Week 11 Tidyverse Assignment

Your task here is to Create an Example. Using one or more TidyVerse packages, and any dataset from fivethirtyeight.com or Kaggle, create a programming sample “vignette” that demonstrates how to use one or more of the capabilities of the selected TidyVerse package with your selected dataset. (25 points)

Introduction

For this tidyverse assignment we were to pick a dataset from fivethirtyeight.com or Kaggle and use one of the tidyverse package to create a vignette. The Article I will be using is from Kraggle and my dataset is World happiness report.

What is the purr package?

Purrr is a popular R Programming package that provides a consistent and powerful set of tools for working with functions and vectors. It was developed by Hadley Wickham and is part of the tidyverse suite of packages. Purrr is an essential package for functional programming in R. According to purrr.tidyverse.org, purrr enhances R’s functional programming (FP) toolkit by providing a complete and consistent set of tools for working with functions and vectors. If you’ve never heard of FP before, the best place to start is the family of map() functions which allow you to replace many for loops with code that is both more succinct and easier to read. The best place to learn about the map() functions is the iteration chapter in R for data science.

Data Import

This step below I will be importing the world happiness dataset from my github account URL: (https://github.com/jnaval88/DATA607/blob/fc9b840efccb9a4f2743a21e3217acef8cb85cf1/Tidyverse_Assignment/world-happiness-report.csv.)

worldhappiness <- read.csv(file = "https://raw.githubusercontent.com/jnaval88/DATA607/main/Tidyverse_Assignment/world-happiness-report.csv")

Data filter and maping

First I will filter the data for a specific year.

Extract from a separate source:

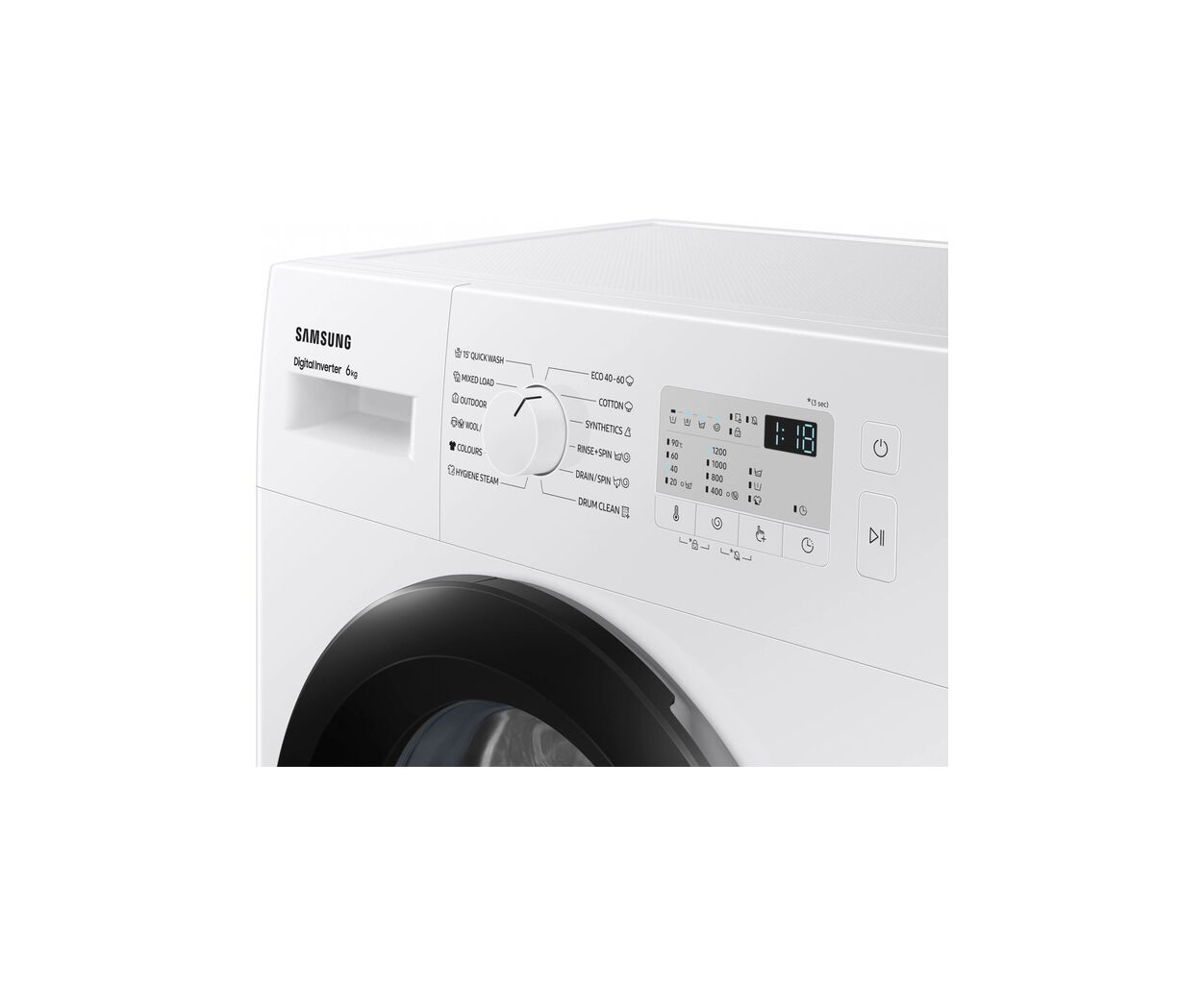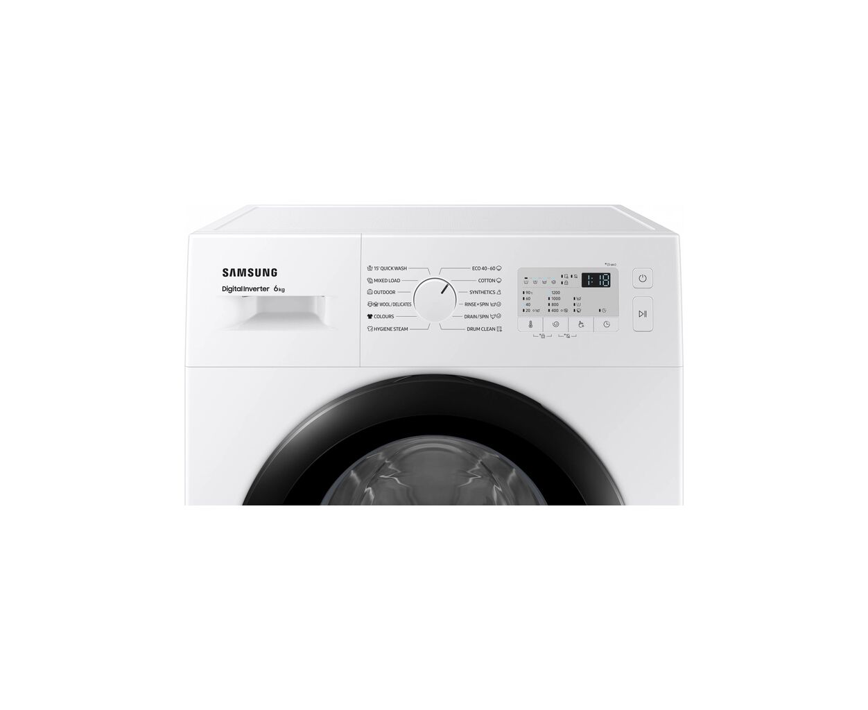 тип - автомат, инверторный, отдельностоящий, фронтальная загрузка, Максимальная загрузка белья - 6 кг, Максимальная скорость отжима - 1200 об/мин, количество программ - 12, есть, возможность дозагрузки белья, обработка паром, замок от детей, Цвет корпуса - белый

worldhappiness2020 <- worldhappiness %>% 
  filter( year == '2020')

I filter the data for year 2020, which mean I will looking at information equivalent that year only.

Calculating the Average

For this step I will calculate the average life expectancy at birth for the year 2020

mean(worldhappiness2020$Healthy.life.expectancy.at.birth, na.rm = TRUE)

## [1] 67.09957

Purrr map function

Now I will be using the mapping function from the purrr package on world hapiness dataset using the year filter 2020, I will be looking at healthy life expectancy at birth.

worldhappiness2020$Healthy.life.expectancy.at.birth %>% map_dbl(mean)

##  [1] 69.30 69.20 74.20 73.60 69.70 65.30 72.40 55.10 64.20 68.40 66.80 67.20
## [13] 62.40 54.30 74.00 70.10 69.90 68.30 71.40 74.10 71.30 73.00 66.40 69.10
## [25] 62.30 66.70 69.00 59.50 72.10 74.20 64.10 72.80 58.00 72.80    NA 68.40
## [37] 73.00 60.90 66.60 61.40 72.50 73.70 74.00 50.70 75.20 67.20 65.80 61.30
## [49]    NA 64.70 59.50 67.40 68.50 72.20 67.00 68.90 66.40 62.70 68.90 66.50
## [61] 59.60 57.10 72.50 73.60 50.50 65.56 73.40 62.10 70.10 72.80 65.10 66.90
## [73] 69.00 69.50 71.70 57.30 74.20 75.00 72.80 74.70    NA 64.70 58.50 67.60
## [85] 67.50 67.60 56.50 65.20 67.50 72.70 68.10 69.20 66.90 56.30 56.80

For this step I am using the same map function and extended it to multiple columns.

worldhappiness %>% 
  select( "Healthy.life.expectancy.at.birth", "Freedom.to.make.life.choices" ) %>% 
  map(~mean(.,na.rm = TRUE))

## $Healthy.life.expectancy.at.birth
## [1] 63.35937
## 
## $Freedom.to.make.life.choices
## [1] 0.7425576

Exploring map function futher more

Below I will use the map function a bit more. I will split the original data frame by year, and run a linear model on each year. I then apply the summary function the results from each model and then again use the map function to obtain the r.squared value for each year.

worldhappiness %>%  
  split(.$year) %>% 
  map(~lm( `Healthy.life.expectancy.at.birth` ~`Log.GDP.per.capita`  , data = .) ) %>% 
  map(summary) %>% 
  map_df("r.squared") %>% 
  
  reactable()

Conclusion

From the purrr package in the tidyverse I use the map function to show how to manipulate vector.